[Start of section]
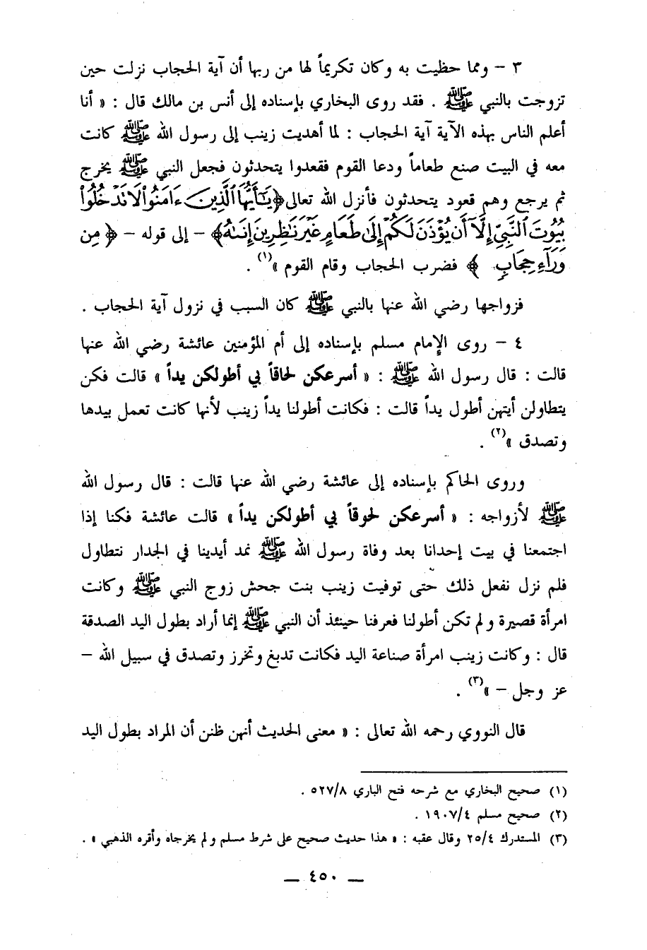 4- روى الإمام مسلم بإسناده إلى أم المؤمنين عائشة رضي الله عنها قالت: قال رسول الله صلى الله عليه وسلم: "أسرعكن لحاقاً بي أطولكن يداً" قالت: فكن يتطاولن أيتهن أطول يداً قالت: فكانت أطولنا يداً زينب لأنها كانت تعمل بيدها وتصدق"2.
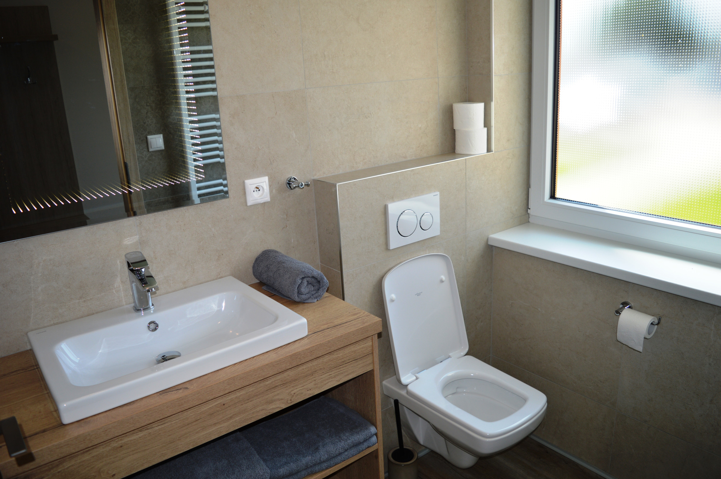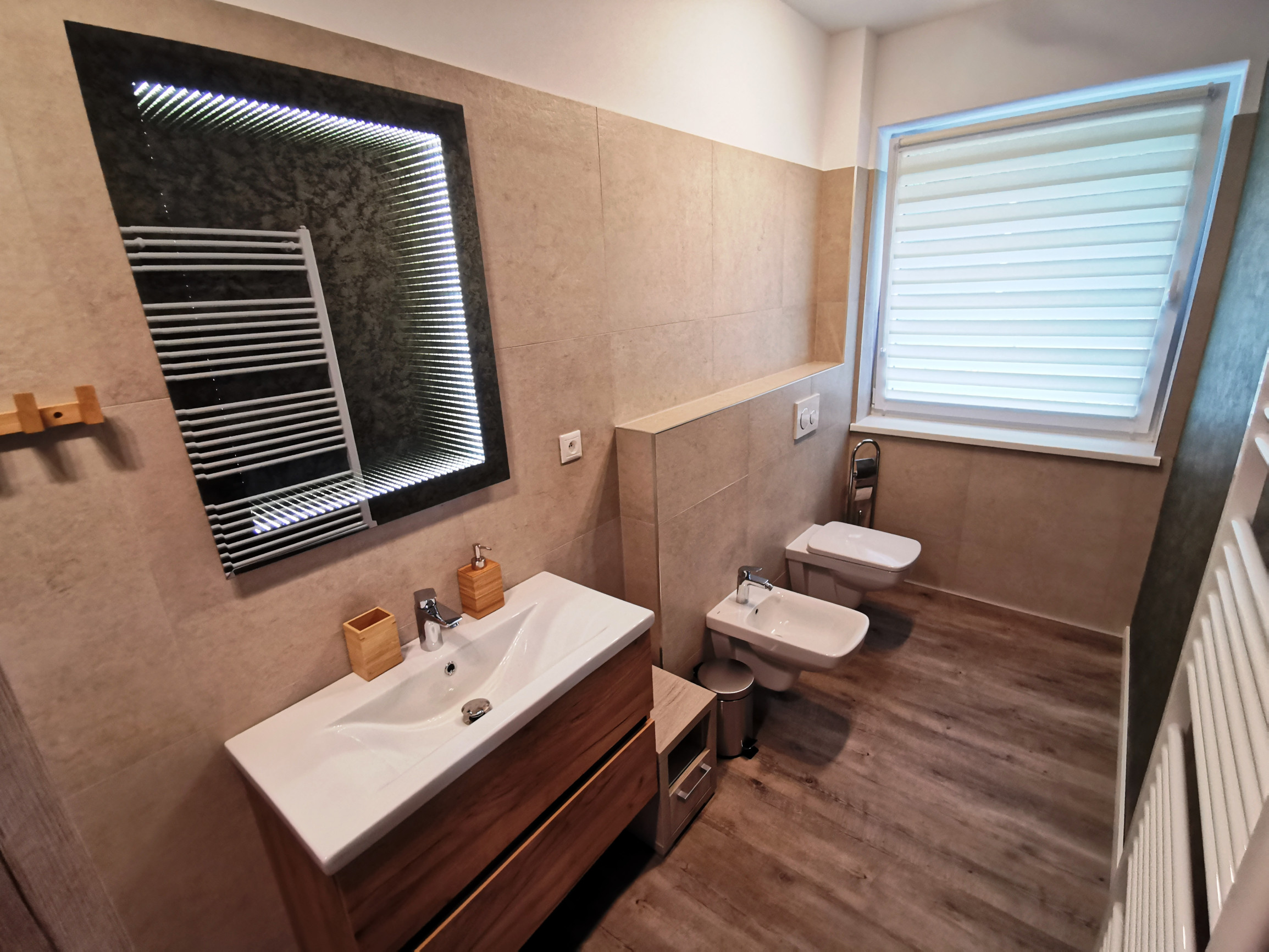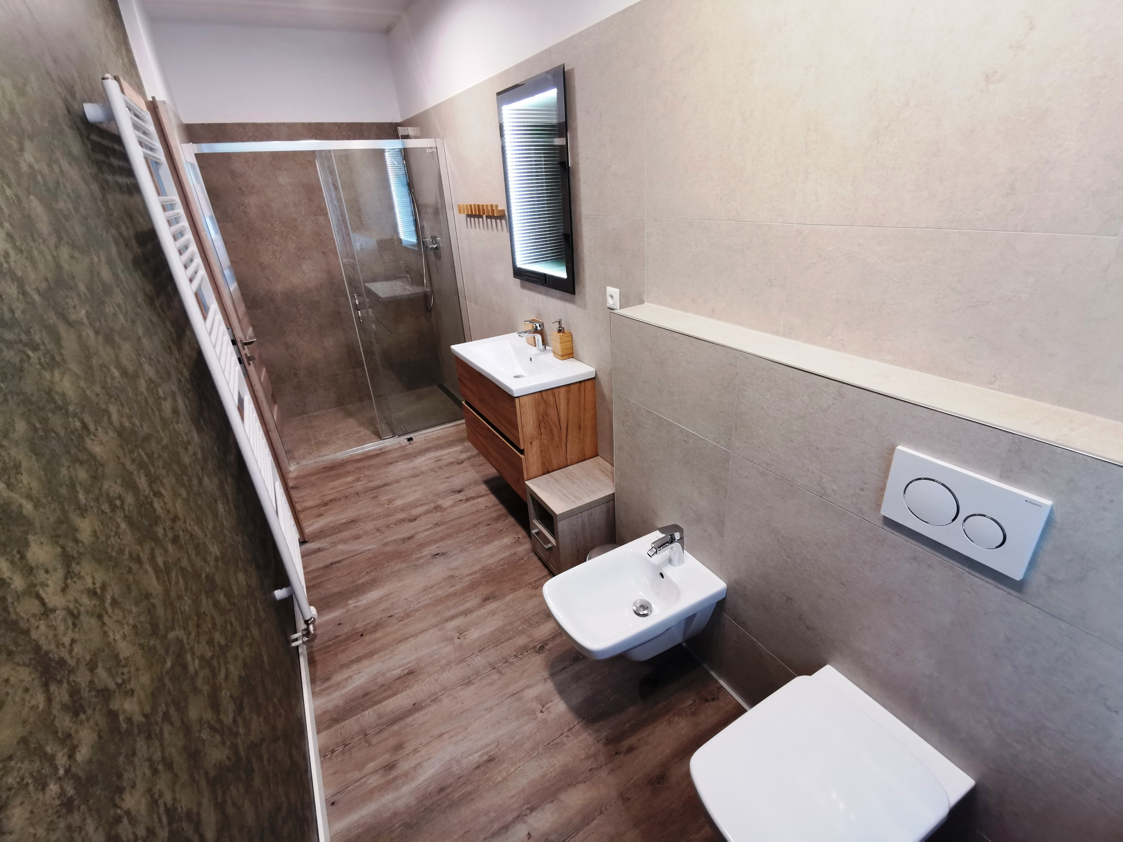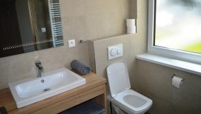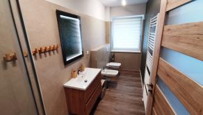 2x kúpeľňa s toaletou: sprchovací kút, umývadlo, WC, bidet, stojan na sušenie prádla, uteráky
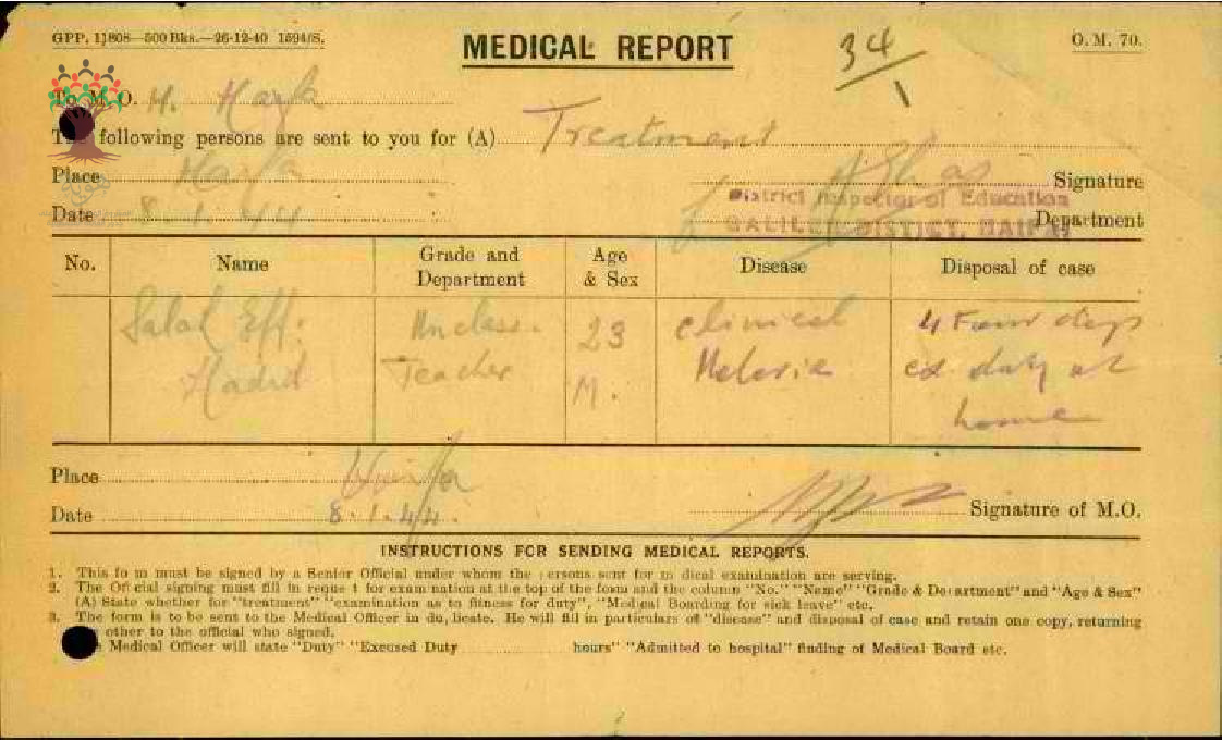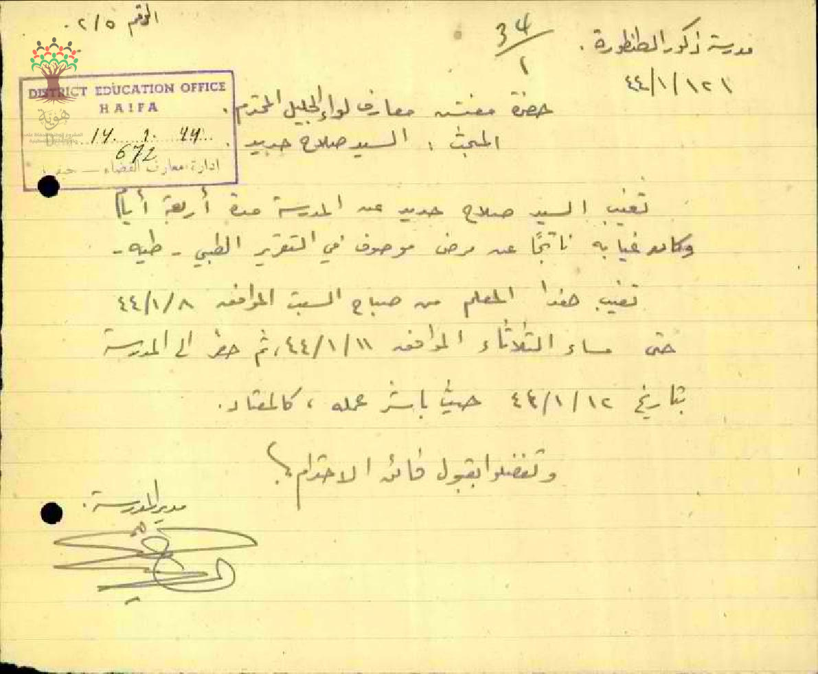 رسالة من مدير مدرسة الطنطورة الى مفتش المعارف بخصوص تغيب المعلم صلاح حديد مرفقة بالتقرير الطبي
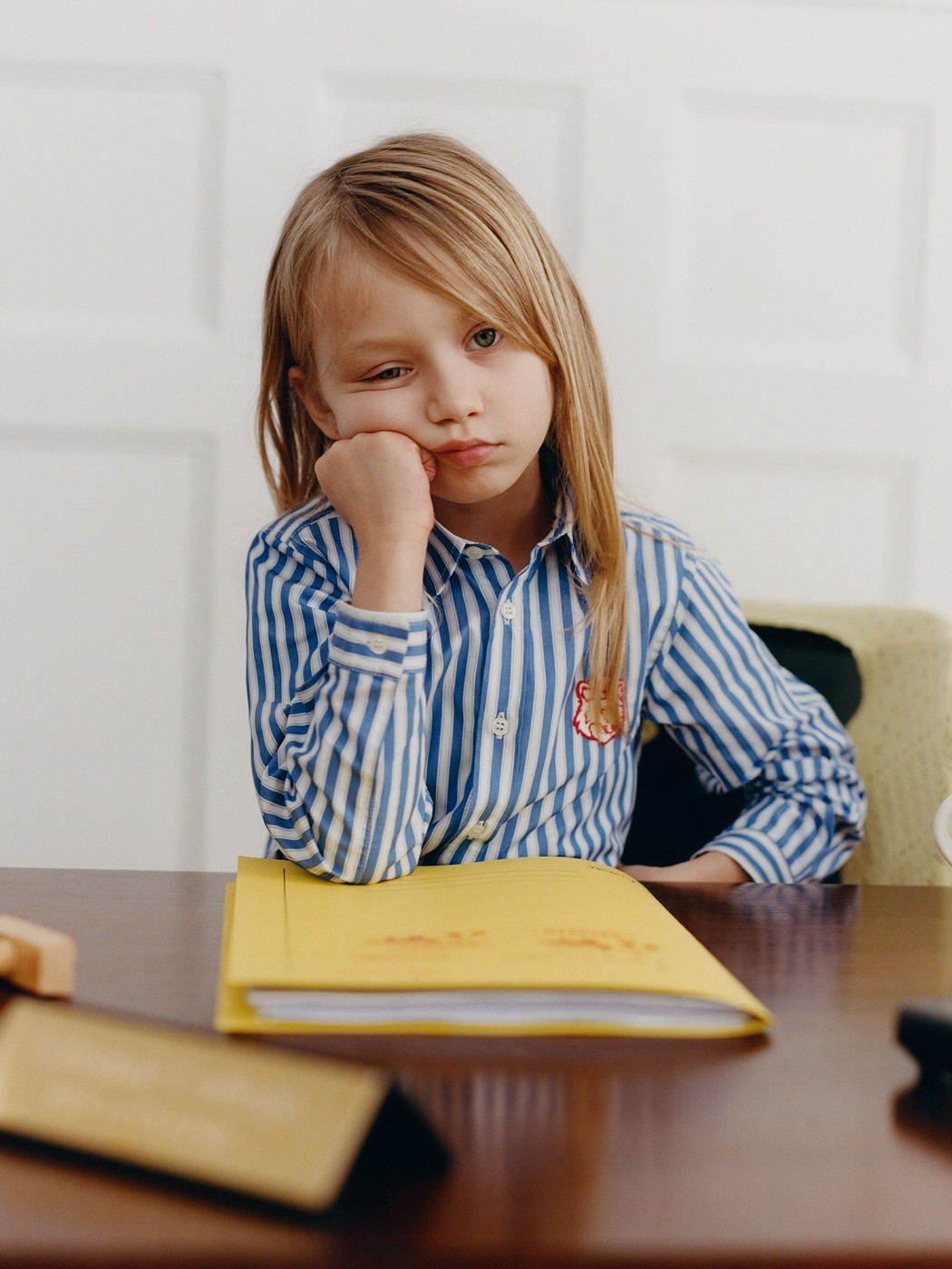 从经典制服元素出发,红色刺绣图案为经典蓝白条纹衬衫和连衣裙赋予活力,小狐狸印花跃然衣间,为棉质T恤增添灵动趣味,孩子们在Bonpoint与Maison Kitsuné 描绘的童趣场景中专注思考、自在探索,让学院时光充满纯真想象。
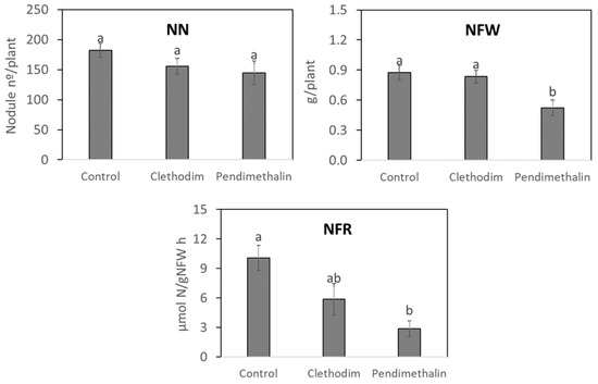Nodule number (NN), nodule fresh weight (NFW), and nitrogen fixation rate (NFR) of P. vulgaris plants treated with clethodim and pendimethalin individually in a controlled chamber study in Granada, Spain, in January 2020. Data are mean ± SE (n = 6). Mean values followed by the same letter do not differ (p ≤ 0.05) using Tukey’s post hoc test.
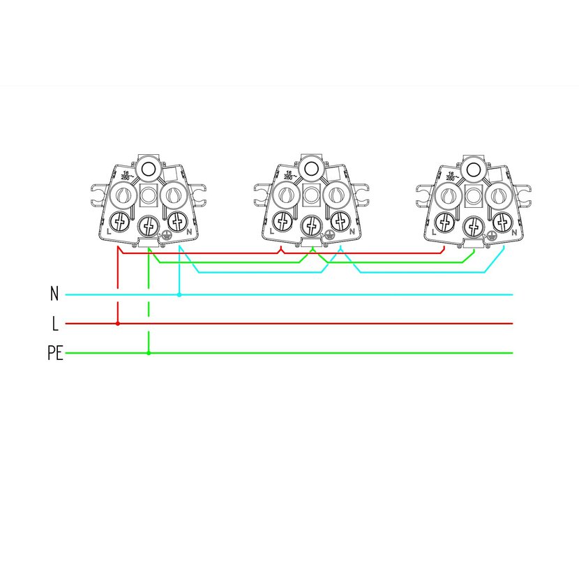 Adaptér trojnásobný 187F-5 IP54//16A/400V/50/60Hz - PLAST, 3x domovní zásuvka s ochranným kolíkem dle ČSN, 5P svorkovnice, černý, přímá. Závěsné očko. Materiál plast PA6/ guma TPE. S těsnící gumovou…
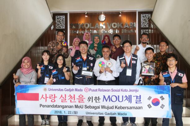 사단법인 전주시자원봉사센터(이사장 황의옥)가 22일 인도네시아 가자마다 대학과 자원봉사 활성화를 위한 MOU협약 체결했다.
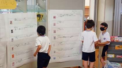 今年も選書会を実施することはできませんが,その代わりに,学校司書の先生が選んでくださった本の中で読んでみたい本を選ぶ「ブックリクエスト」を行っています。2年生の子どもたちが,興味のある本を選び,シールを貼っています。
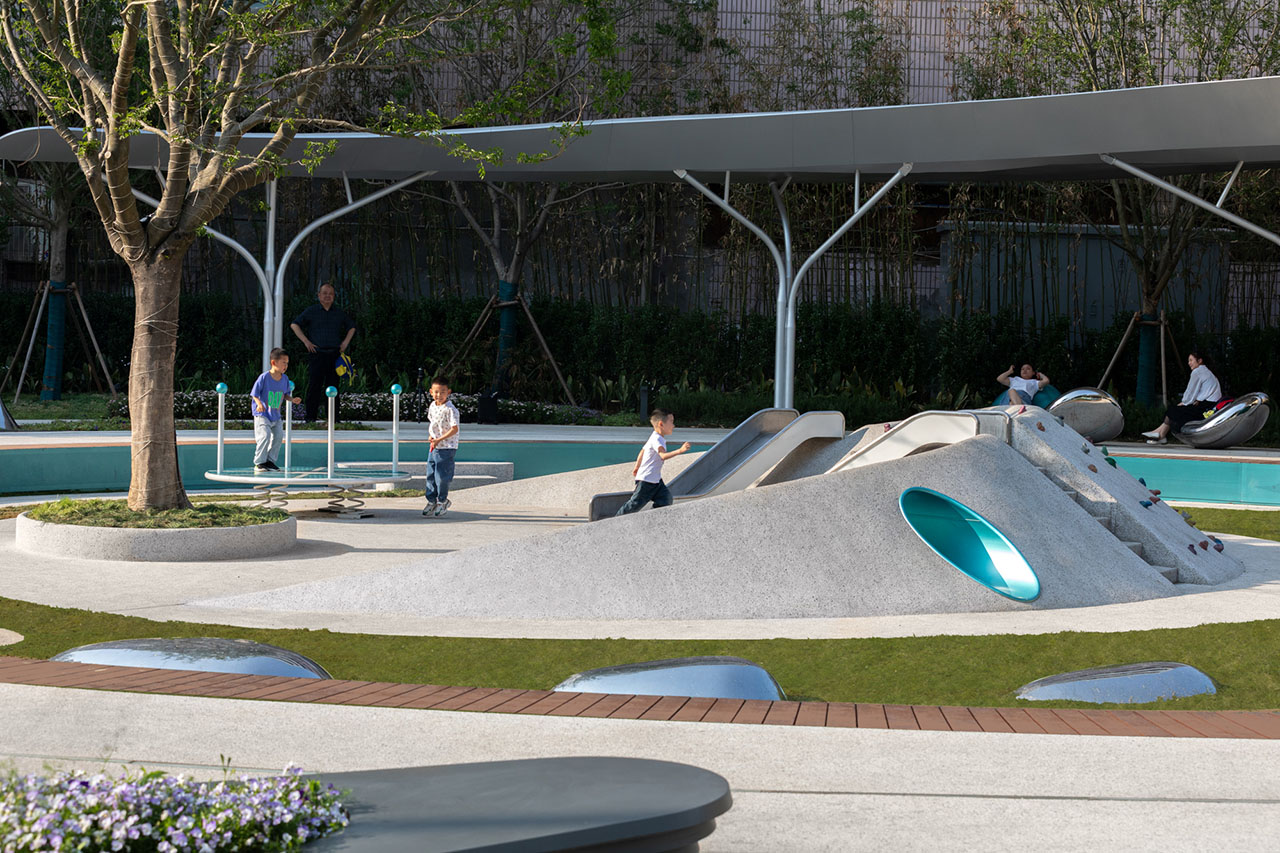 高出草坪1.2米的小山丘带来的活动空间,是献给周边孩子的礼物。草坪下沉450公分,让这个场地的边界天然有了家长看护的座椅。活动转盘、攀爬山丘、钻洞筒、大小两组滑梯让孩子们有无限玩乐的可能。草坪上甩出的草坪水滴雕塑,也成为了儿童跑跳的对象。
[End of section]
_Assigned task_: Lines from the one with "2x kúpeľňa s" through the final line of the records are the whole answer; print them exactly, minus any pictures.

_Task result_:
 2x kúpeľňa s toaletou: sprchovací kút, umývadlo, WC, bidet, stojan na sušenie prádla, uteráky
 رسالة من مدير مدرسة الطنطورة الى مفتش المعارف بخصوص تغيب المعلم صلاح حديد مرفقة بالتقرير الطبي
 从经典制服元素出发,红色刺绣图案为经典蓝白条纹衬衫和连衣裙赋予活力,小狐狸印花跃然衣间,为棉质T恤增添灵动趣味,孩子们在Bonpoint与Maison Kitsuné 描绘的童趣场景中专注思考、自在探索,让学院时光充满纯真想象。
Nodule number (NN), nodule fresh weight (NFW), and nitrogen fixation rate (NFR) of P. vulgaris plants treated with clethodim and pendimethalin individually in a controlled chamber study in Granada, Spain, in January 2020. Data are mean ± SE (n = 6). Mean values followed by the same letter do not differ (p ≤ 0.05) using Tukey’s post hoc test.
 Adaptér trojnásobný 187F-5 IP54//16A/400V/50/60Hz - PLAST, 3x domovní zásuvka s ochranným kolíkem dle ČSN, 5P svorkovnice, černý, přímá. Závěsné očko. Materiál plast PA6/ guma TPE. S těsnící gumovou…
 사단법인 전주시자원봉사센터(이사장 황의옥)가 22일 인도네시아 가자마다 대학과 자원봉사 활성화를 위한 MOU협약 체결했다.
 今年も選書会を実施することはできませんが,その代わりに,学校司書の先生が選んでくださった本の中で読んでみたい本を選ぶ「ブックリクエスト」を行っています。2年生の子どもたちが,興味のある本を選び,シールを貼っています。
 高出草坪1.2米的小山丘带来的活动空间,是献给周边孩子的礼物。草坪下沉450公分,让这个场地的边界天然有了家长看护的座椅。活动转盘、攀爬山丘、钻洞筒、大小两组滑梯让孩子们有无限玩乐的可能。草坪上甩出的草坪水滴雕塑,也成为了儿童跑跳的对象。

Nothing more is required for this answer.